Harnessing pupil power

Young people love their technology – mobiles, iPods, Wiis, PS ones, twos and threes, computers, Game Boys, PSPs, PDAs… – and they can all be used to help them learn effectively.

In future, rather than power residing just in teachers, it will move more into the learner’s hands.

A revolution is coming in the next decade, which means that pupils themselves can have more influence on the curriculum, and how and where learning takes place.

The four key elements to this are

  • Choice
  • Skills and knowledge
  • Location, such as school, home, online environments
  • Feedback

For these new strategies to succeed, pupils and teachers, and possibly parents too, need to look at the way they will bring change about, and give pupils more say.

And it is crucial that pupils learn enough about themselves to be able to make choices, with the help of their teachers, parents and peers.

They need to think about, again with help, what resources would fit with the way they learn. This might mean going out and researching new digital technologies, and giving them a trial run at school.

Online questionnaires can help focus on what pupils’ interests are, and databases, websites and search engines will also have information about this.
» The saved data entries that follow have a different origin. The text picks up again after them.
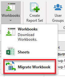2)Click dropdown of Workbooks icon from the ribbon and select Migrate Workbooks. Workbook will be convereted to SplashBI Excel Connect workbook.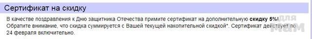 Друзья, проверяйте свою электронную почту! Майшоп разослал сертификаты на скидку 5%!Скидка суммируется с Вашей текущей накопительной скидкой*.Сертификат действует по 24 февраля включительно.Ввести кодовое слово (В Корзине)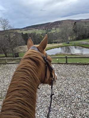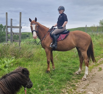 She does hack but prefers company as when by herself, the stones are out to get her! She has a great, fun personality and loves a cuddle.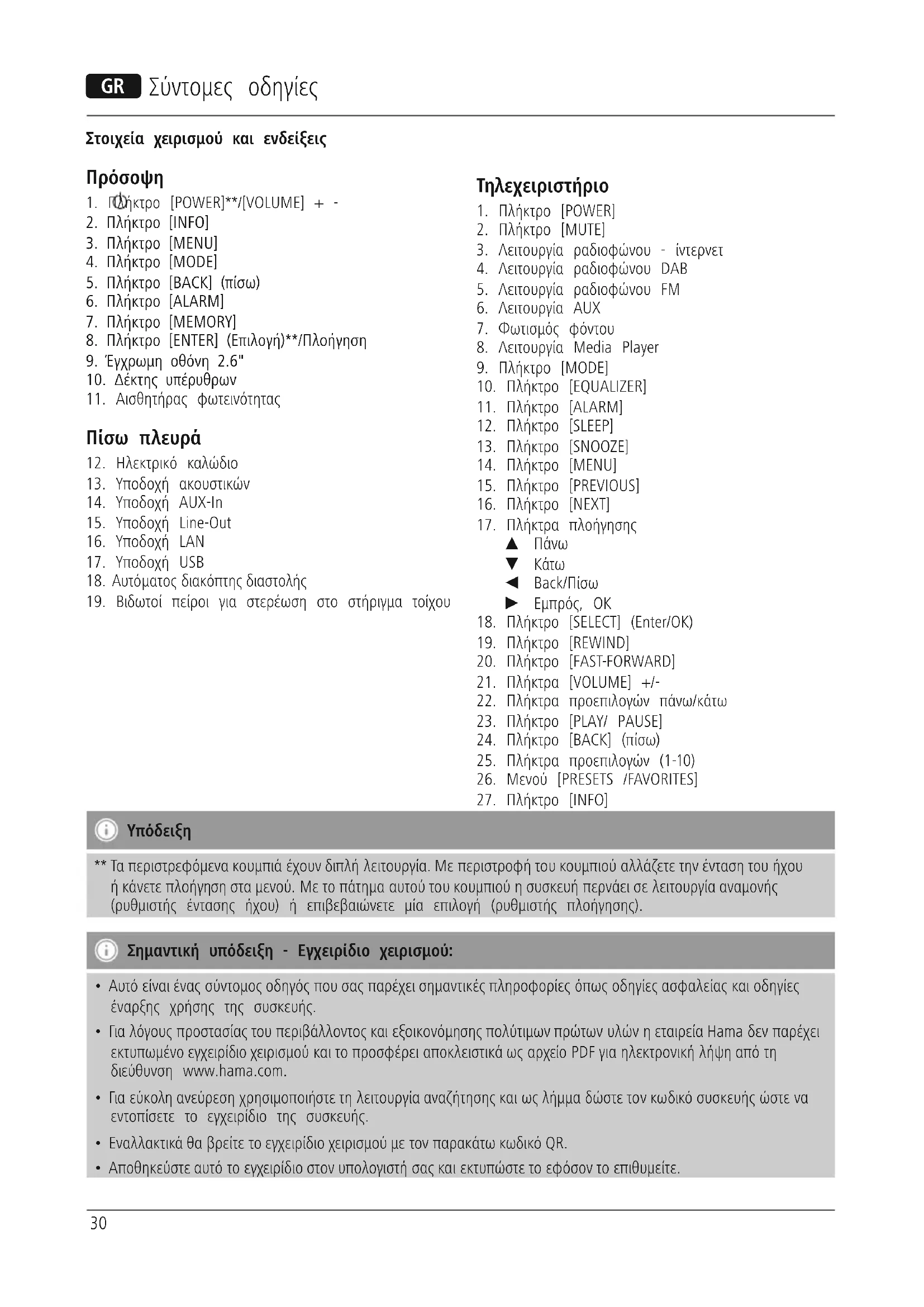 - Για λόγους προστασίας του περιβάλλοντος και εξοικονόμησης πολύτιμων πρώτων υλών η εταιρεία Hama δεν παρέχει εκτυπωμένο εγχειρίδιο χειρισμού και το προσφέρει αποκλειστικά ως αρχείο PDF για ηλεκτρονική λήψη από τη διεύθυνση www.hama.com.

Making views known through school councils is also an option for making sure the pupil voice gets heard.

It can also be a case of expanding someone’s horizons so they are aware of other opportunities through books, films, magazines and newspapers.

Ideally, pupils could design their own curriculum to fit in with what they want to learn and the way they learn it -but will need support to do that.

As well as giving young people more control, gathering information about education choices will give them social networking and communications skills.

They should also be able to choose the most appropriate resources that will allow them to learn outside the classroom if that is appropriate.

Schools need to be sure that all the pupils have equal access to the technology they need. Making sure disabled pupils are catered for and have a say is also very important.